_Data for this task_
------------

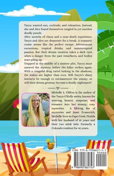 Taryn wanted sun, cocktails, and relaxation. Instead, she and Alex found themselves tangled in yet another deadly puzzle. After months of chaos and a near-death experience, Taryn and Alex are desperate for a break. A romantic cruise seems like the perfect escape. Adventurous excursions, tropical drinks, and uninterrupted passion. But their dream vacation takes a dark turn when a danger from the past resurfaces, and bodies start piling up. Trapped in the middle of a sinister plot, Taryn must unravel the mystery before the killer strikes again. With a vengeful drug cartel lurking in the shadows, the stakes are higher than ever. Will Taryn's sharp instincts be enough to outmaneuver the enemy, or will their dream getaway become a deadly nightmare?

------------

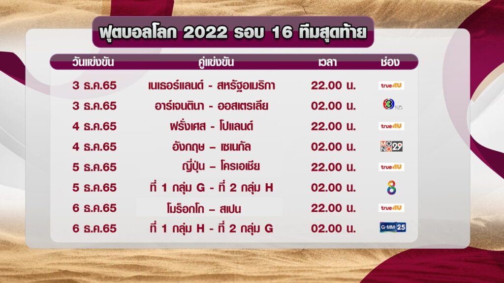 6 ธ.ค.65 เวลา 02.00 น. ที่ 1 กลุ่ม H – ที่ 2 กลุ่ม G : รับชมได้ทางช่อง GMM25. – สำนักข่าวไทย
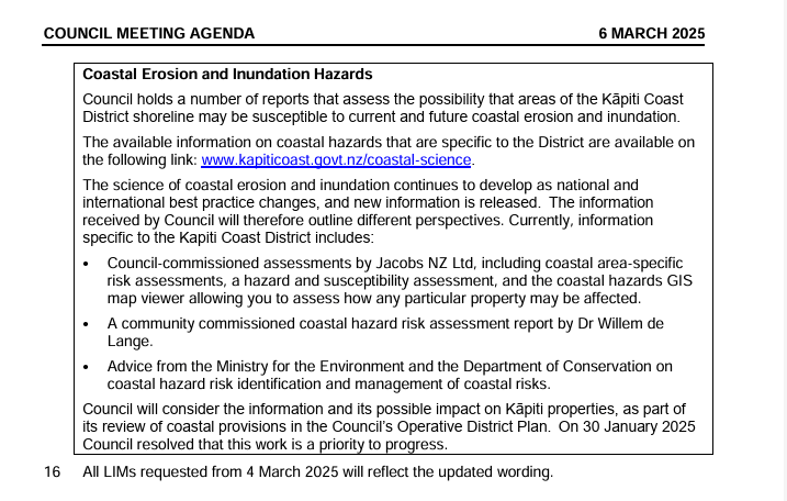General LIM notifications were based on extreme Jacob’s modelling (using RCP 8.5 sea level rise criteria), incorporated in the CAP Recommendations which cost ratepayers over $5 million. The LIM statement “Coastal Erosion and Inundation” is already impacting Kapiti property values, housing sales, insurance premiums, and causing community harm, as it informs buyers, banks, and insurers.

------------

Nothing but the lines from the one with "6 ธ.ค.65 เวลา" to the one with "General LIM notifications" above, both included, should be transcribed, exactly and without pictures.

_Written answer_
 6 ธ.ค.65 เวลา 02.00 น. ที่ 1 กลุ่ม H – ที่ 2 กลุ่ม G : รับชมได้ทางช่อง GMM25. – สำนักข่าวไทย
General LIM notifications were based on extreme Jacob’s modelling (using RCP 8.5 sea level rise criteria), incorporated in the CAP Recommendations which cost ratepayers over $5 million. The LIM statement “Coastal Erosion and Inundation” is already impacting Kapiti property values, housing sales, insurance premiums, and causing community harm, as it informs buyers, banks, and insurers.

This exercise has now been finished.